* **TASK BRIEF**
Your output should consist solely of the lines from the one with "La etajul 1" through the end of the records, reproduced exactly, both ends included.

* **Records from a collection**
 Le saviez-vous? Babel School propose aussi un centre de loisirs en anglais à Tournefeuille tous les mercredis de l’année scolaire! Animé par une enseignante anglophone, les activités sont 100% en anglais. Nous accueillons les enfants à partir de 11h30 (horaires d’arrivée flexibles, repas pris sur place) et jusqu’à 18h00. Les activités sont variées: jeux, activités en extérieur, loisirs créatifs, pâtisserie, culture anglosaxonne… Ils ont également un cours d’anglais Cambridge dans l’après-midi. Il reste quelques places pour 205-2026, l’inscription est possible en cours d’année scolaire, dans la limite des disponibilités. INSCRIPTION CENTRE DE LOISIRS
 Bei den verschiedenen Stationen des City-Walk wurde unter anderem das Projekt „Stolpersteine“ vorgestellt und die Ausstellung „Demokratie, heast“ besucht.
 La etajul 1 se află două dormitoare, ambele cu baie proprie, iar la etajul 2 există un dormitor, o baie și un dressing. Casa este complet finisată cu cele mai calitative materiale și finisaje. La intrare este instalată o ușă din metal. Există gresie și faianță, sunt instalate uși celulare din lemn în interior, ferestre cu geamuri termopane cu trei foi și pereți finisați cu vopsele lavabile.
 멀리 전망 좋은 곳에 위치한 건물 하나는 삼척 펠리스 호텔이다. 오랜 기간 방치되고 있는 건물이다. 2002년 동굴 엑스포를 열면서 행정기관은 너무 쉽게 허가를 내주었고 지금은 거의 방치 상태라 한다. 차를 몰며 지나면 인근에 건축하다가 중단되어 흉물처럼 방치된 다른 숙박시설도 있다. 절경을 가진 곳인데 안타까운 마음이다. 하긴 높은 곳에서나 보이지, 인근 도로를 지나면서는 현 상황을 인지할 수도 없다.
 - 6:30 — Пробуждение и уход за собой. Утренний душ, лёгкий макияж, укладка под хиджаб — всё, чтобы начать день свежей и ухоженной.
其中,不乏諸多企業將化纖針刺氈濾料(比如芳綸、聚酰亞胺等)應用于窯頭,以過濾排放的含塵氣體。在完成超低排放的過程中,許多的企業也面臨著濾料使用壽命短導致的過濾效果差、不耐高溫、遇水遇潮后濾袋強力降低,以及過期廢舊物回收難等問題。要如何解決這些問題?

* **EXERCISE SOLUTION**
 La etajul 1 se află două dormitoare, ambele cu baie proprie, iar la etajul 2 există un dormitor, o baie și un dressing. Casa este complet finisată cu cele mai calitative materiale și finisaje. La intrare este instalată o ușă din metal. Există gresie și faianță, sunt instalate uși celulare din lemn în interior, ferestre cu geamuri termopane cu trei foi și pereți finisați cu vopsele lavabile.
 멀리 전망 좋은 곳에 위치한 건물 하나는 삼척 펠리스 호텔이다. 오랜 기간 방치되고 있는 건물이다. 2002년 동굴 엑스포를 열면서 행정기관은 너무 쉽게 허가를 내주었고 지금은 거의 방치 상태라 한다. 차를 몰며 지나면 인근에 건축하다가 중단되어 흉물처럼 방치된 다른 숙박시설도 있다. 절경을 가진 곳인데 안타까운 마음이다. 하긴 높은 곳에서나 보이지, 인근 도로를 지나면서는 현 상황을 인지할 수도 없다.
 - 6:30 — Пробуждение и уход за собой. Утренний душ, лёгкий макияж, укладка под хиджаб — всё, чтобы начать день свежей и ухоженной.
其中,不乏諸多企業將化纖針刺氈濾料(比如芳綸、聚酰亞胺等)應用于窯頭,以過濾排放的含塵氣體。在完成超低排放的過程中,許多的企業也面臨著濾料使用壽命短導致的過濾效果差、不耐高溫、遇水遇潮后濾袋強力降低,以及過期廢舊物回收難等問題。要如何解決這些問題?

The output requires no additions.